[Start of section]

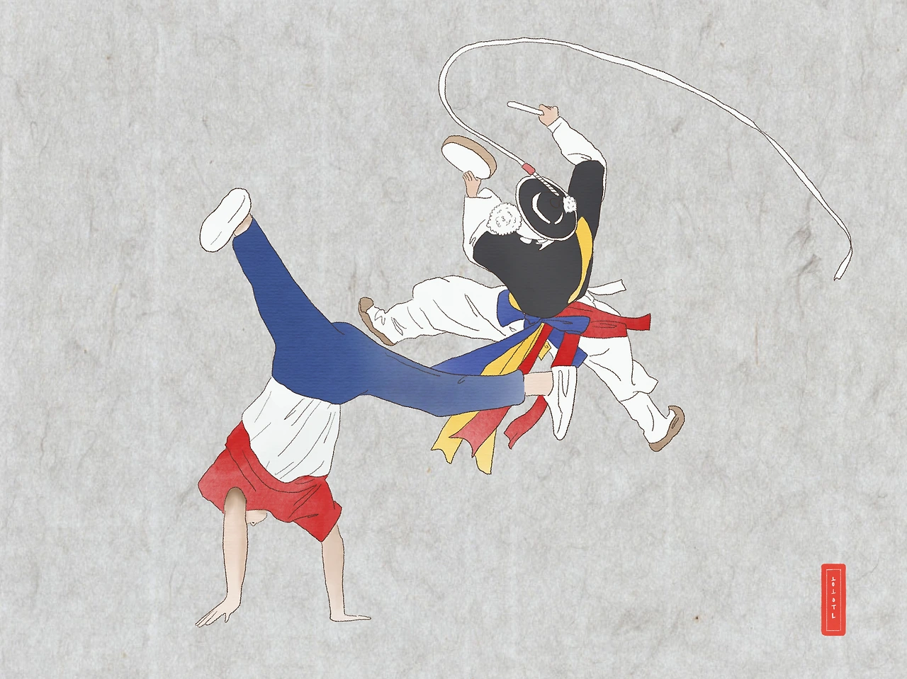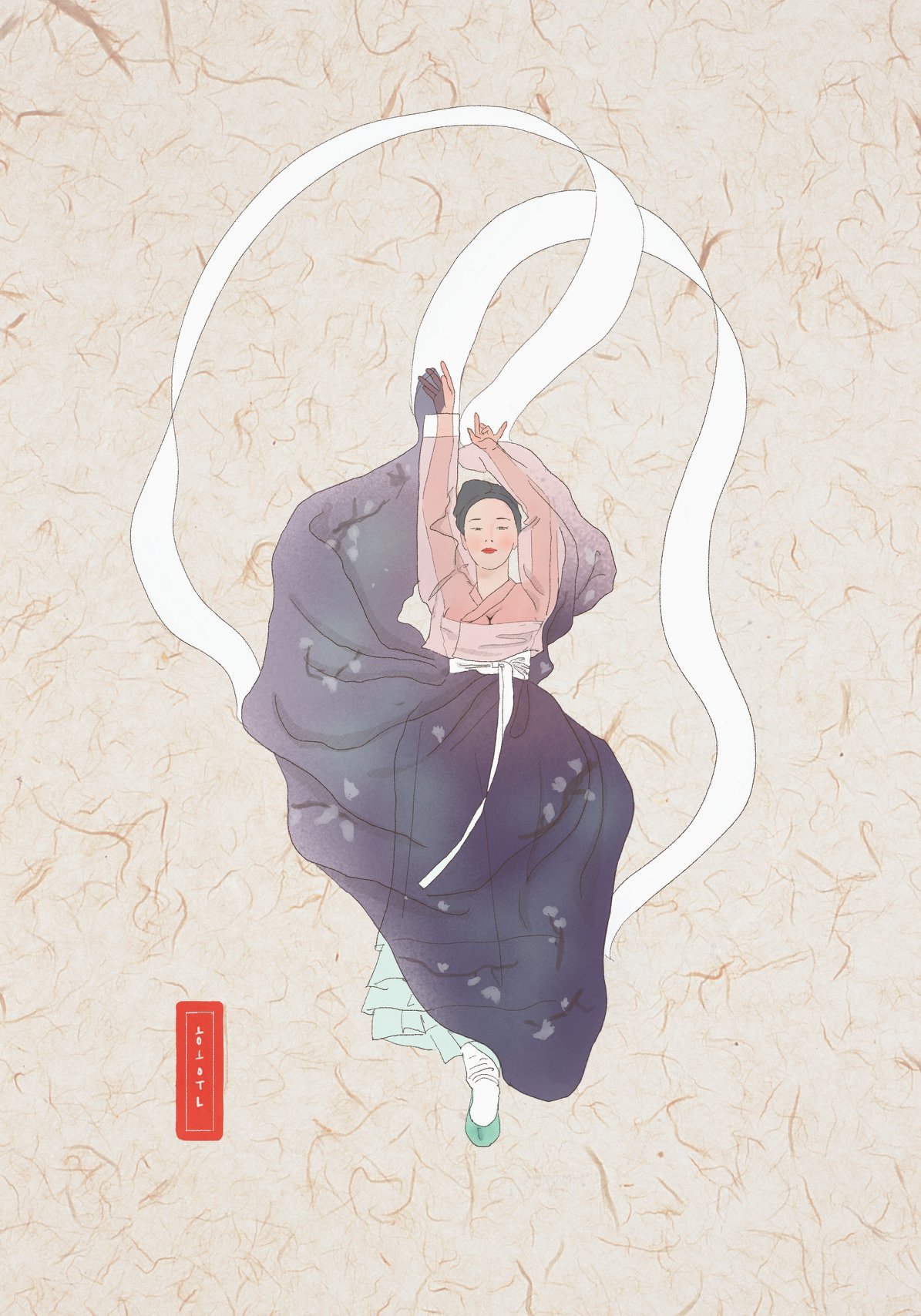 살풀이의 '살'은 나쁜 기운을 의미합니다. 이 춤은 남편을 먼저 보낸 과부들이 마음의 평화를 찾기 위해 추었던 춤 이기도 하고 우리나라 민속 무용의 한 장르입니다. 이 그림은 드라마 '육룡이 나르샤'에 출연했던 척사광 역의 한예리 배우가 너무 예뻐서 오마주 하며 그렸던 그림이기도 합니다.
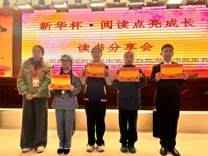 随后,随州市新华书店副经理杨罗宇发表讲话,他表示:“新华书店始终是文化传播的桥梁,此次与曾都区实验初级中学携手,正是希望以‘新华杯’为纽带,让更多少年与经典相遇。愿同学们在阅读中感悟信仰的力量,在分享中传递青春的担当,让书香弥漫校园,让信仰照亮前路。”
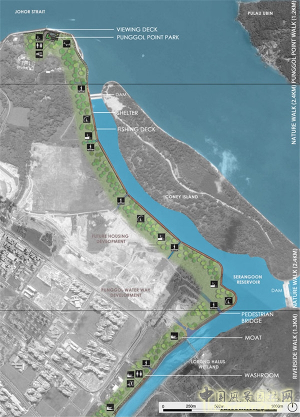 中國(guó)風(fēng)景園林網(wǎng)訊 榜鵝位于新加坡東北部,是新加坡政府規(guī)劃中最新的“濱水而立”的濱水市鎮(zhèn)。榜鵝濱水步道則位于大片城市景觀之中,游客置身于此,可以感受時(shí)空交錯(cuò)、詩(shī)情畫意般的美景。逝去的時(shí)光在景觀之中重現(xiàn),而現(xiàn)實(shí)又在這一懷想過(guò)去的過(guò)程中被賦予了新的含義。人們?cè)谶@里可完全沉浸于個(gè)人空間之中,與自然和諧共生。

[End of section]

What to work on:
Print the whole listing exactly, please, and keep any images out of it.

Task solution:
 살풀이의 '살'은 나쁜 기운을 의미합니다. 이 춤은 남편을 먼저 보낸 과부들이 마음의 평화를 찾기 위해 추었던 춤 이기도 하고 우리나라 민속 무용의 한 장르입니다. 이 그림은 드라마 '육룡이 나르샤'에 출연했던 척사광 역의 한예리 배우가 너무 예뻐서 오마주 하며 그렸던 그림이기도 합니다.
 随后,随州市新华书店副经理杨罗宇发表讲话,他表示:“新华书店始终是文化传播的桥梁,此次与曾都区实验初级中学携手,正是希望以‘新华杯’为纽带,让更多少年与经典相遇。愿同学们在阅读中感悟信仰的力量,在分享中传递青春的担当,让书香弥漫校园,让信仰照亮前路。”
 中國(guó)風(fēng)景園林網(wǎng)訊 榜鵝位于新加坡東北部,是新加坡政府規(guī)劃中最新的“濱水而立”的濱水市鎮(zhèn)。榜鵝濱水步道則位于大片城市景觀之中,游客置身于此,可以感受時(shí)空交錯(cuò)、詩(shī)情畫意般的美景。逝去的時(shí)光在景觀之中重現(xiàn),而現(xiàn)實(shí)又在這一懷想過(guò)去的過(guò)程中被賦予了新的含義。人們?cè)谶@里可完全沉浸于個(gè)人空間之中,與自然和諧共生。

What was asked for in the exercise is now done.